* _ASSIGNMENT_: Go through the records line by line from the top and repeat each one exactly, ending with the line that contains "Incisione in rame".
===== EXERCISE DATA =====
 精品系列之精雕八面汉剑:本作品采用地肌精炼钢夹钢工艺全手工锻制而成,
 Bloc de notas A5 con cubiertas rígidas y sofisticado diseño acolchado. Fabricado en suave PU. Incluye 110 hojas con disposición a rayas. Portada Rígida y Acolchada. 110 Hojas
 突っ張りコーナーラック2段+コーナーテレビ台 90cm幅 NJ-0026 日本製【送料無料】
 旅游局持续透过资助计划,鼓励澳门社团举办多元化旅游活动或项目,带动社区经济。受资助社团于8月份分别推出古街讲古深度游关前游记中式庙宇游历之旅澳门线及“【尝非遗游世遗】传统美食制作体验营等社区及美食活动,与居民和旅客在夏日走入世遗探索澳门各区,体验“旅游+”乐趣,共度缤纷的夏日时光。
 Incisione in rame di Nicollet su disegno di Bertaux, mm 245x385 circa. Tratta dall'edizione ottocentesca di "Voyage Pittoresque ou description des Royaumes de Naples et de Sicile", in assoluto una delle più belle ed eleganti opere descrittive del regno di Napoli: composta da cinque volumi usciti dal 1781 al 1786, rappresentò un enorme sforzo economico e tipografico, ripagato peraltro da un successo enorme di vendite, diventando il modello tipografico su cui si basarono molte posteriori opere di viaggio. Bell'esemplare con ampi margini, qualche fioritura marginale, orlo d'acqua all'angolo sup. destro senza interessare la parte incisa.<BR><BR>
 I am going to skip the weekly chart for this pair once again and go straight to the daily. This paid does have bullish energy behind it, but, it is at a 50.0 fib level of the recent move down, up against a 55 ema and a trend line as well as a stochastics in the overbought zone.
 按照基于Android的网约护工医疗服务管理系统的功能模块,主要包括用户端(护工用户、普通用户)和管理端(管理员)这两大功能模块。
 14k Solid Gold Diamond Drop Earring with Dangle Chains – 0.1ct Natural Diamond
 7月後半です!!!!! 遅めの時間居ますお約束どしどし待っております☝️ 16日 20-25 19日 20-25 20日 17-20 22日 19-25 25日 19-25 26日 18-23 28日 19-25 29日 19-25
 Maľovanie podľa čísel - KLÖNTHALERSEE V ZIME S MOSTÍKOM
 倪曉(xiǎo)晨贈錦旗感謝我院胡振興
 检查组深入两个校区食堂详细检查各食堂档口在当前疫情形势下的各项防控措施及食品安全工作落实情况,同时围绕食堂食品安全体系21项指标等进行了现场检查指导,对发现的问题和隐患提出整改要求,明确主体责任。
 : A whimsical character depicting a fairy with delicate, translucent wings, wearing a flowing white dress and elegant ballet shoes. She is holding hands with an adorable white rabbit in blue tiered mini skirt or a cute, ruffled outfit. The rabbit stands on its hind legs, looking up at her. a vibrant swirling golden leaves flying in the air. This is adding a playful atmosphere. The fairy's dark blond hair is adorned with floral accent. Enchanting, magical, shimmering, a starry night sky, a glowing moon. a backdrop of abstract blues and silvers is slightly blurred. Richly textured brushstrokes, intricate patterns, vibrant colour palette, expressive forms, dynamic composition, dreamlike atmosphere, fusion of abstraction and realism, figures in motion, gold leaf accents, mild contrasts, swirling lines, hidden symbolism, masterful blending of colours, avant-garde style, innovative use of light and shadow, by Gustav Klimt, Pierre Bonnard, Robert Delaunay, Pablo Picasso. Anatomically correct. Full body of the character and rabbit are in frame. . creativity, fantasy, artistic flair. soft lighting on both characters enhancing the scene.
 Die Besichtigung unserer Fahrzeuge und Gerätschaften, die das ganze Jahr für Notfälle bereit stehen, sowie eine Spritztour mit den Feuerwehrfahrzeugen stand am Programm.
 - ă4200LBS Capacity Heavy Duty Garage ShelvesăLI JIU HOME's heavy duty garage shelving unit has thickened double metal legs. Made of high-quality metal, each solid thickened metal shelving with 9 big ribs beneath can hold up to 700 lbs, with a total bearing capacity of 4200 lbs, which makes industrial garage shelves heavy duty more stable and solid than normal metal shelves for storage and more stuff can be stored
=====
* _ANSWER FOR THE TASK_:
 精品系列之精雕八面汉剑:本作品采用地肌精炼钢夹钢工艺全手工锻制而成,
 Bloc de notas A5 con cubiertas rígidas y sofisticado diseño acolchado. Fabricado en suave PU. Incluye 110 hojas con disposición a rayas. Portada Rígida y Acolchada. 110 Hojas
 突っ張りコーナーラック2段+コーナーテレビ台 90cm幅 NJ-0026 日本製【送料無料】
 旅游局持续透过资助计划,鼓励澳门社团举办多元化旅游活动或项目,带动社区经济。受资助社团于8月份分别推出古街讲古深度游关前游记中式庙宇游历之旅澳门线及“【尝非遗游世遗】传统美食制作体验营等社区及美食活动,与居民和旅客在夏日走入世遗探索澳门各区,体验“旅游+”乐趣,共度缤纷的夏日时光。
 Incisione in rame di Nicollet su disegno di Bertaux, mm 245x385 circa. Tratta dall'edizione ottocentesca di "Voyage Pittoresque ou description des Royaumes de Naples et de Sicile", in assoluto una delle più belle ed eleganti opere descrittive del regno di Napoli: composta da cinque volumi usciti dal 1781 al 1786, rappresentò un enorme sforzo economico e tipografico, ripagato peraltro da un successo enorme di vendite, diventando il modello tipografico su cui si basarono molte posteriori opere di viaggio. Bell'esemplare con ampi margini, qualche fioritura marginale, orlo d'acqua all'angolo sup. destro senza interessare la parte incisa.<BR><BR>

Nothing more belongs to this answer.